Segment Start: Information given

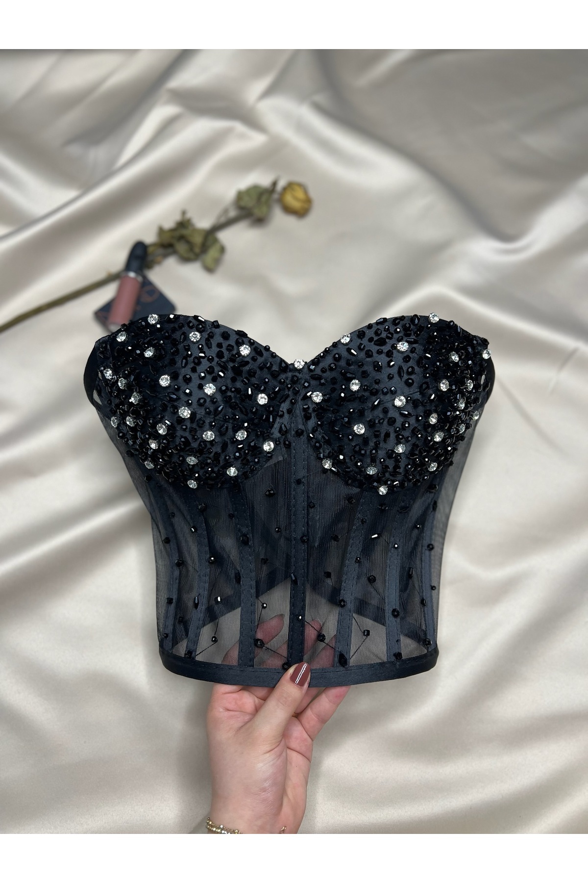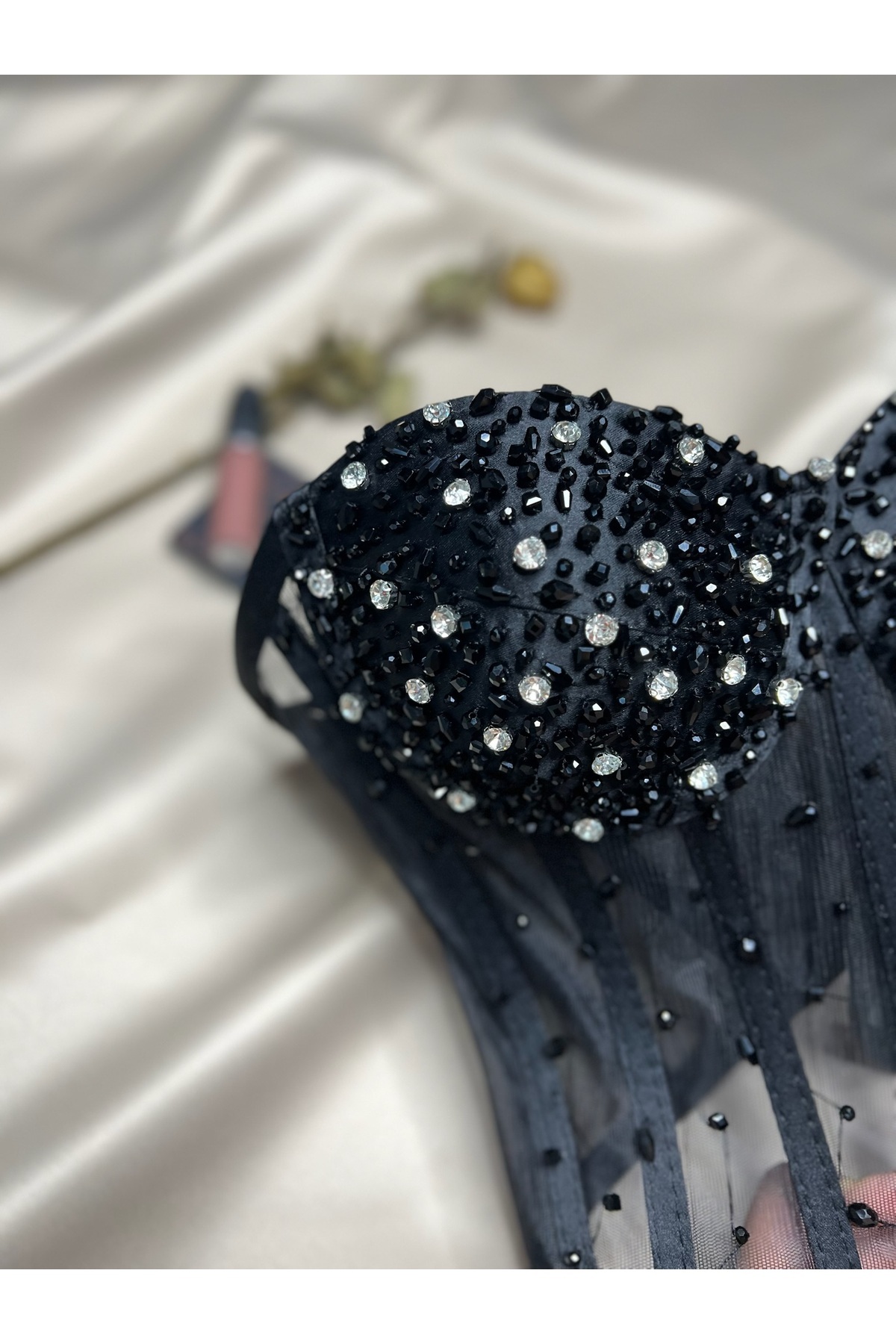 Transparan Ful Taş İşleme Korse Büstiyer Taşlı Model - Siyah & Gümüş Taş İşleme Transparan Ful Taş İşleme Korse Büstiyer Taşlı Model - Siyah & Gümüş Taş İşleme TAŞ01 42
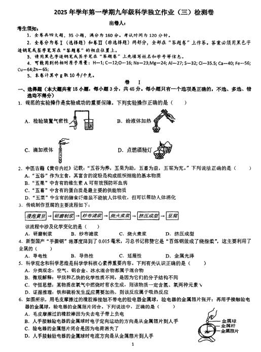 浙江省金华市南苑中学 2025学年九年级上学期12月月考科学试卷(扫描PDF版 无答案 全册)
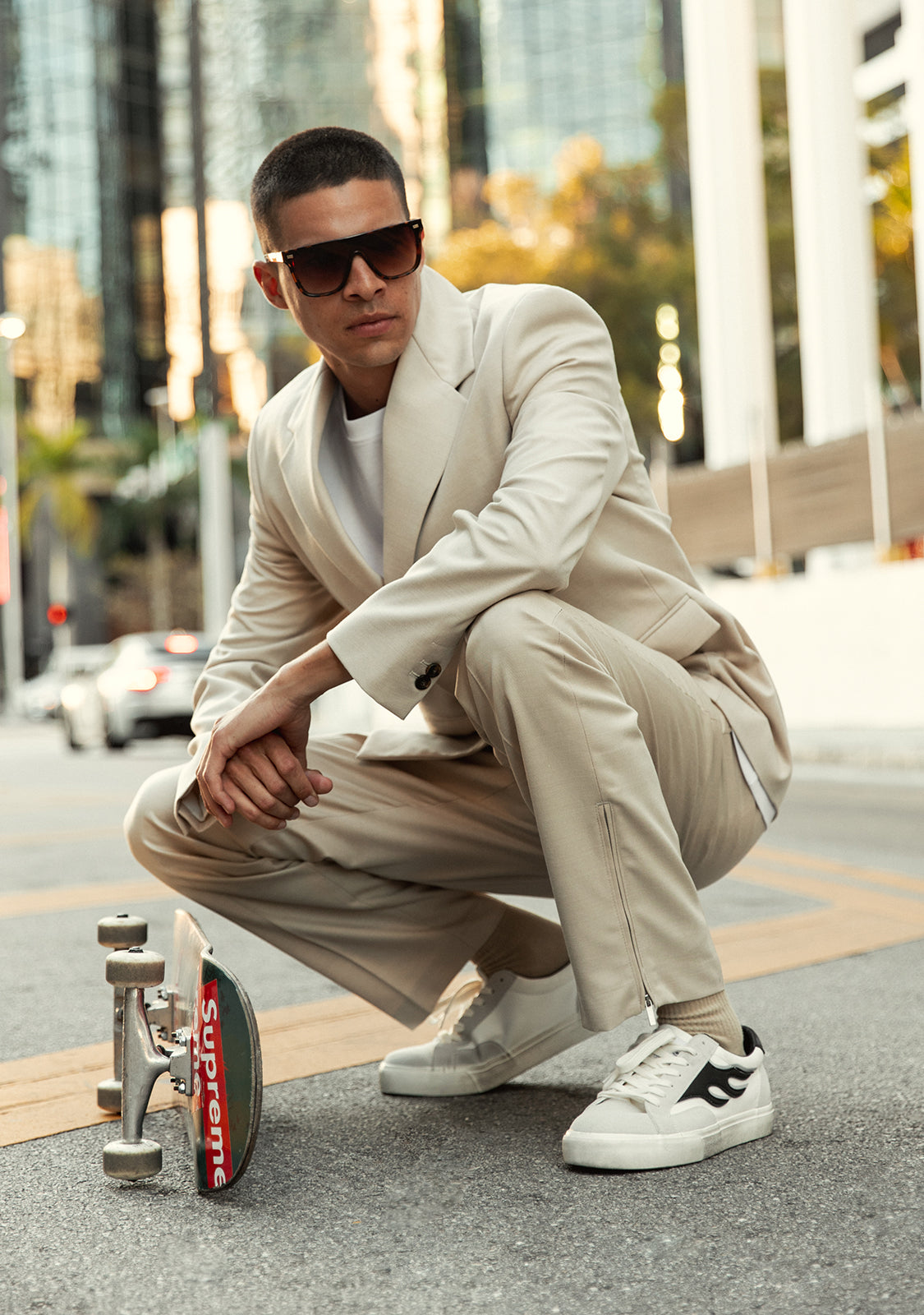 Low-cut trainer inspired by the skateboarding scene in Venice Beach, Los Angeles. Flame detail on the side in black on white recycled textile and grey details. Embossed logo at heel on black background. Cotton laces.
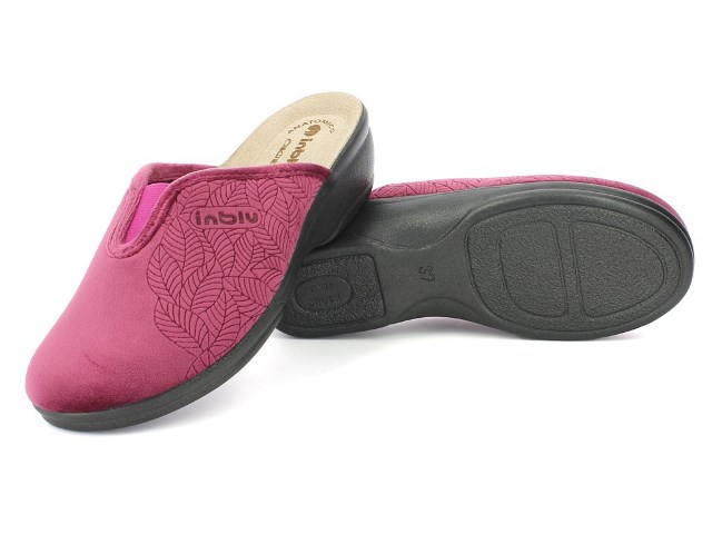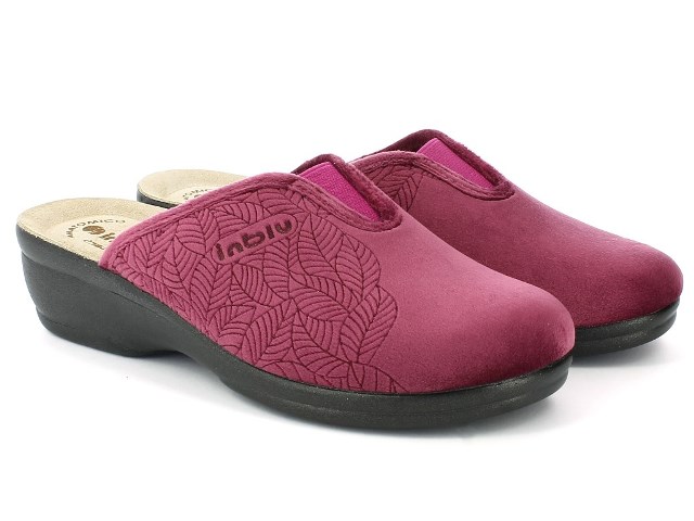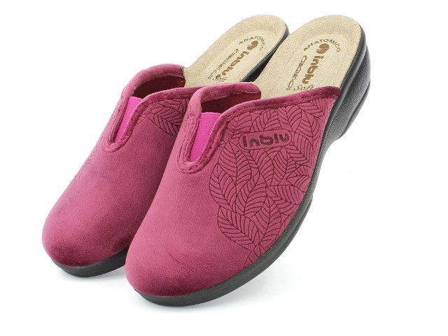 Comode pantofole con zeppa. Sottopiede in vera pelle, imbottito e automodellante che dona morbidezza e comfort al piede.
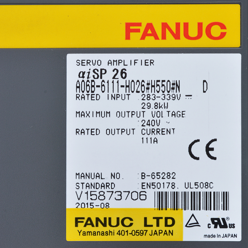 Fanuc Drive A06B - 6111 - H026 # H550 # N Fanuc αisp 26 Spindle Servo Amplifier Moudle
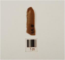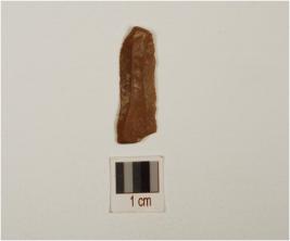 | Description / विवरण | Fragment of chert blade with double ridge on dorsal, striking platform on proximal end, diffused bulb on ventral, trapezoidal cross section, use wear marks on cutting edge and broken along distal end. |
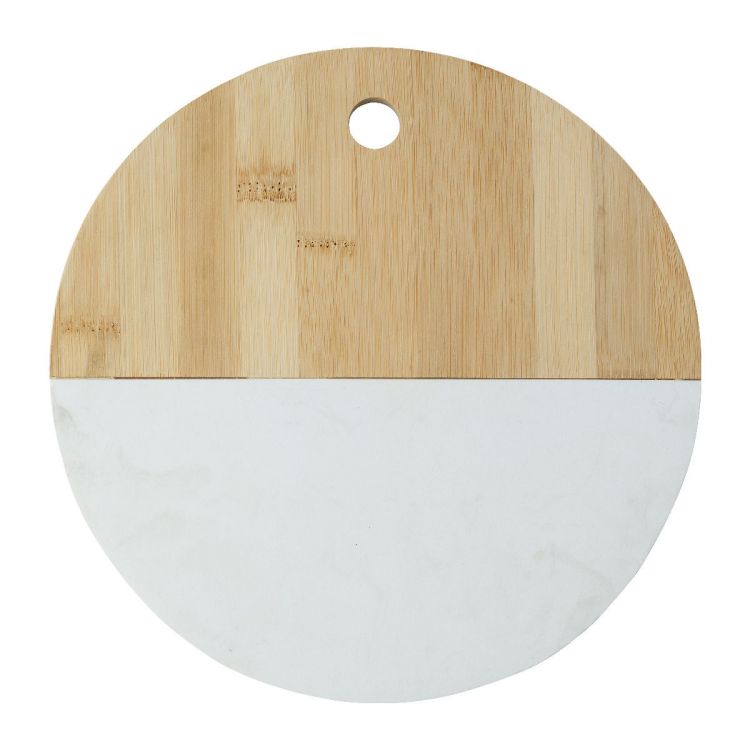 Tabla de servir de bambú y piedra con aspecto de mármol. Con un orificio para el pulgar.

Segment End: Information given

# Work task:
Return all of the lines above without alteration, minus the pictures.

# Finished exercise:
 Transparan Ful Taş İşleme Korse Büstiyer Taşlı Model - Siyah & Gümüş Taş İşleme Transparan Ful Taş İşleme Korse Büstiyer Taşlı Model - Siyah & Gümüş Taş İşleme TAŞ01 42
 浙江省金华市南苑中学 2025学年九年级上学期12月月考科学试卷(扫描PDF版 无答案 全册)
 Low-cut trainer inspired by the skateboarding scene in Venice Beach, Los Angeles. Flame detail on the side in black on white recycled textile and grey details. Embossed logo at heel on black background. Cotton laces.
 Comode pantofole con zeppa. Sottopiede in vera pelle, imbottito e automodellante che dona morbidezza e comfort al piede.
 Fanuc Drive A06B - 6111 - H026 # H550 # N Fanuc αisp 26 Spindle Servo Amplifier Moudle
 | Description / विवरण | Fragment of chert blade with double ridge on dorsal, striking platform on proximal end, diffused bulb on ventral, trapezoidal cross section, use wear marks on cutting edge and broken along distal end. |
 Tabla de servir de bambú y piedra con aspecto de mármol. Con un orificio para el pulgar.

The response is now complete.